2. Extract showing an example of using anonymisation

As I said before you might need to anonymise names, emails, addresses etc. that were in your production database. The DataResetter has a simple, but powerful system that allows you to define a series of properties/classes that need anonymising.

You define a class and a property in that class to anonymise and the DataResetter will traverse the whole sequence of relationships and will reset every instance of the class+property.

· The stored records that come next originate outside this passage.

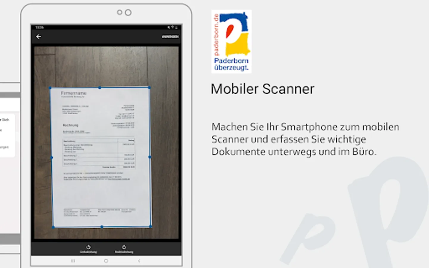 ▪ Easily scan letters and papers with your smartphone and archive them as PDFs in your secure Paderborn mail cloud.
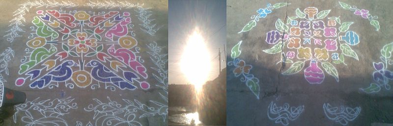 On the morning of Makar Sankranti the whole neighborhood glows brightly with the designs.
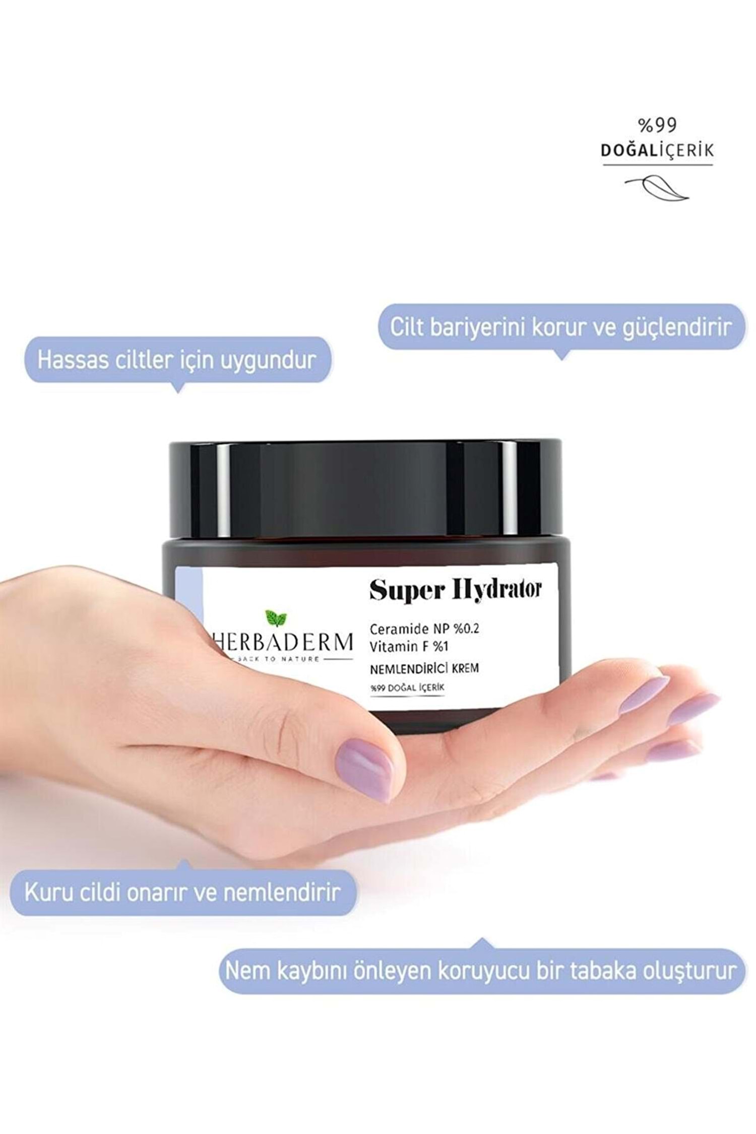 Herbaderm Super Hydrator Cilt Bariyerini Güçlendirici ve Onarıcı Yoğun Nemlendirici Krem 50 ml
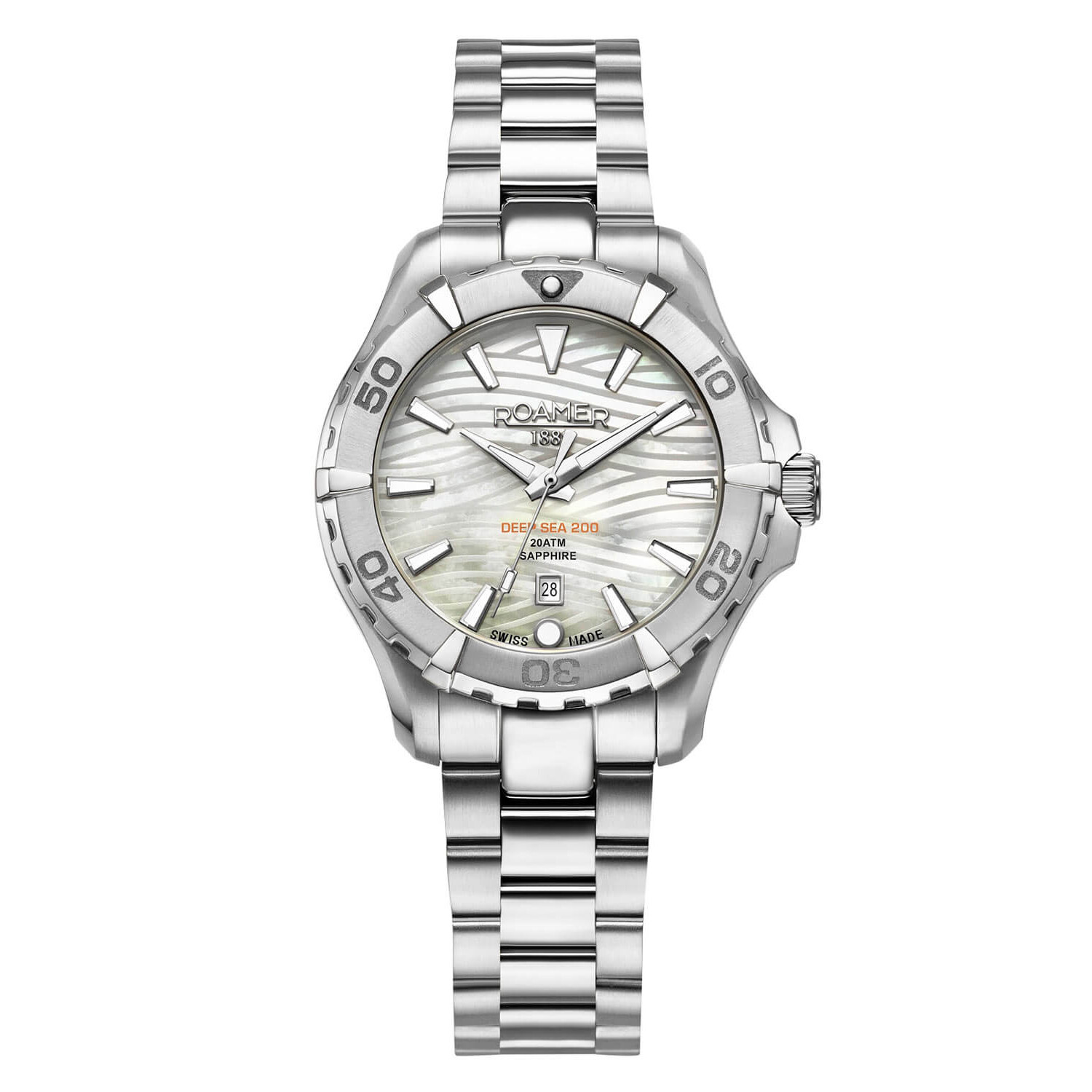 Roamer Deep Sea 200 Lady to stalowa koperta z klasą szczelności do 200 metrów. Model ten uzupełnia obrotowy bezel ze skalą minutową, która pomoże śledzić czas w chwili zanurzenia, zakręcany dekiel oraz koronka. Front to trudne do zarysowania szkło szafirowe, które skutecznie ochroni tarczę z masy perłowej przed uszkodzeniem. To, co wyróżnia tarczę to piękny wzór fal morskich, który mieni się zależnie od padającego światła. Model ten zawieszony jest na bransolecie, która wygodnie ułoży się na nadgarstku. Zegarek Roamer napędza szwajcarski mechanizm Ronda — znany i niezawodny układ zasilany jest baterią.
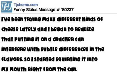 X says I've been trying many different kinds of cheese lately and I began to realize that putting it on a cracker can interfere with subtle differences in the flavors, so I started squirting it into my mouth right from the can.
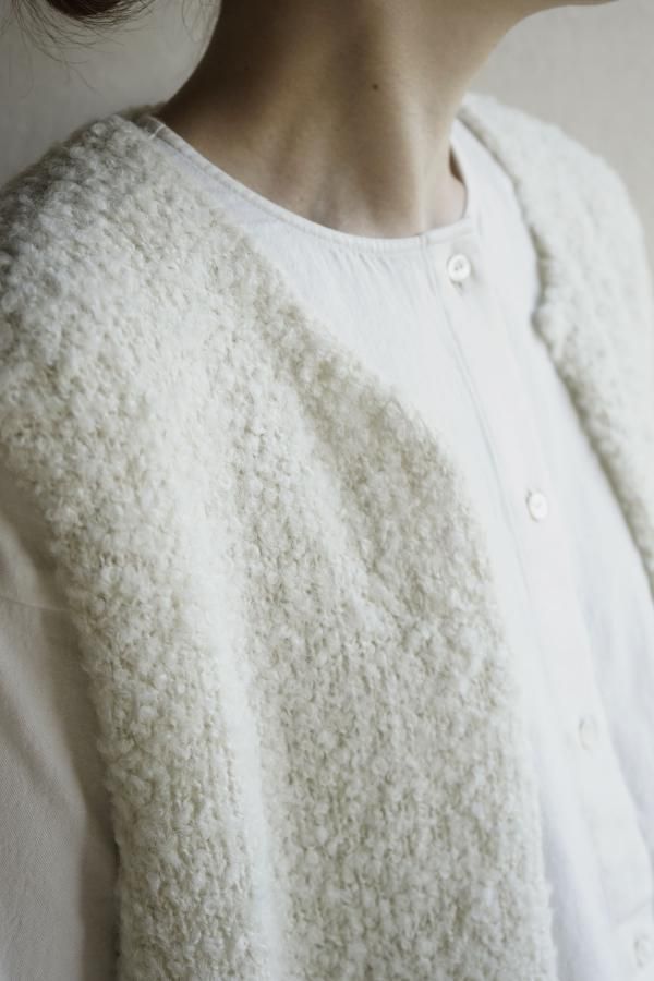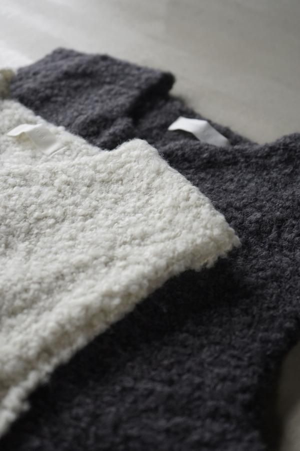 もこもことボリュームのあるふっくらとした素材は、シンプルな装いにも華やかさを添えてくれます。
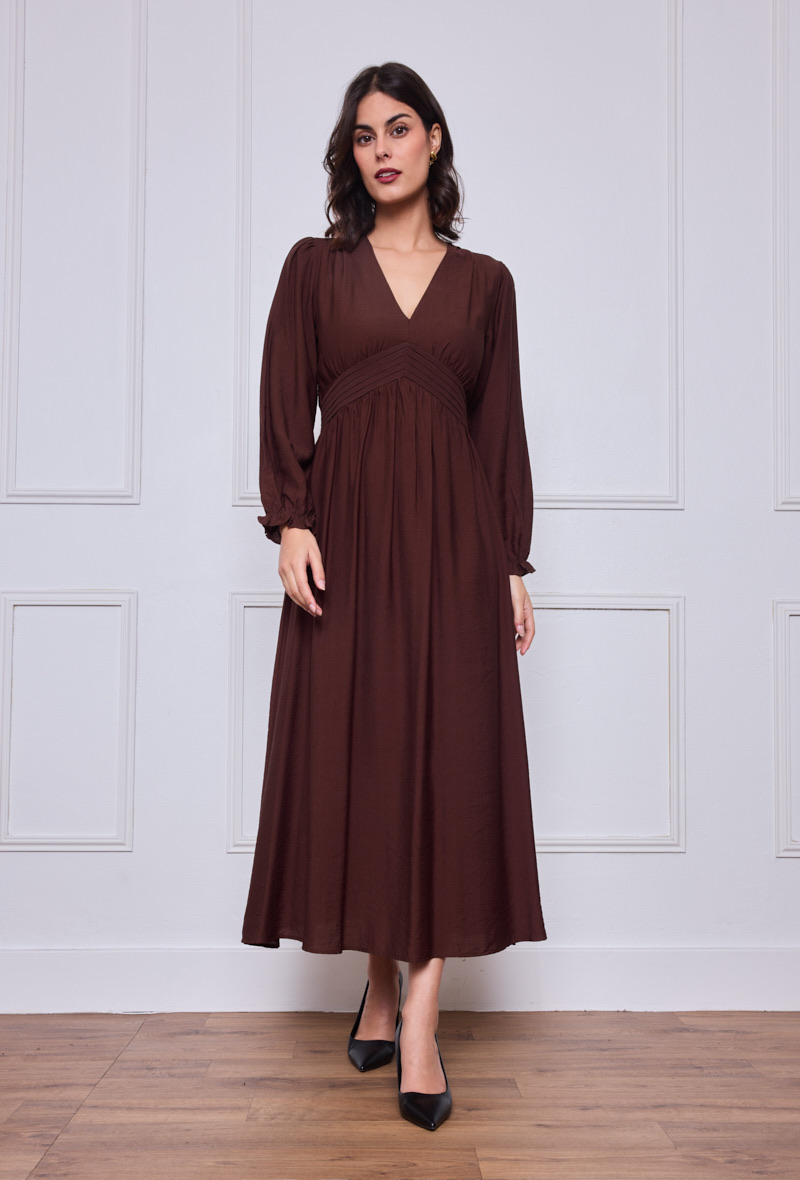 • שמלה סאטן שילוב תחרה Lily | שוקו – IV-AC7877-CHOCO
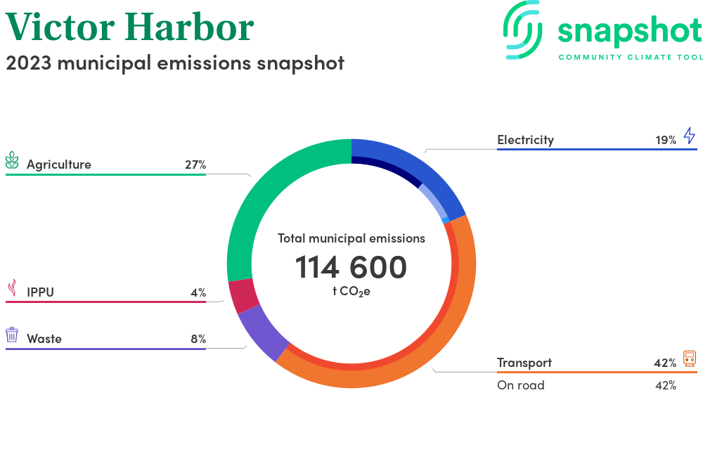 Victor Harbor is a city that is geographically small relative to the state average and has a moderate urban density. Its major emissions source is on road transportation, due to the community’s larger commuting and other travel requirements. The second largest source of emissions is agriculture.

As you will see you can define lots of classes/properties to be anonymised.

The default anonymisation method uses GUIDs as strings, so the name “Eric Evans” would be replaced with something like “2c7211292f2341068305309ff6783764”. That’s fine but it’s not that friendly if you want to do a demo or testing in general. That is why I provide a way to replace the default anonymisation method, which I show in the example (but you don’t have to if GUID strings are OK for you).

The code below is an example of what you can do by using an external library to provide random names and places. In this implementation I use the DotNetRandomNameGenerator NuGet package and create a few different formats you can call for, such as FirstName, LastName, FullName etc.

public class MyAnonymiser
{
    readonly PersonNameGenerator _pGenerator;

    public MyAnonymiser(int? seed = null)
    {
        var random = seed == null ? new Random() : new Random((int)seed);
        _pGenerator = new PersonNameGenerator(random);
    }

    public string AnonymiseThis(AnonymiserData data, object objectInstance)
    {
        switch (data.ReplacementType)
        {
            case "FullName": return _pGenerator.GenerateRandomFirstAndLastName();
            case "FirstName": return _pGenerator.GenerateRandomFirstName();
            case "LastName": return _pGenerator.GenerateRandomLastName();
            case "Email": //… etc. Add more versions as needed
            default: return _pGenerator.GenerateRandomFirstAndLastName();
        }
    }
}

The things to note are:

  • Lines 5 to 9: I designed my anonymiser to take an optional number to control the output. If no number is given, then the sequence of names has a random start (i.e. it produces different names each time it is run). If a number is given, then you get the same random sequence of names every time. Useful if you want to check properties in your unit test.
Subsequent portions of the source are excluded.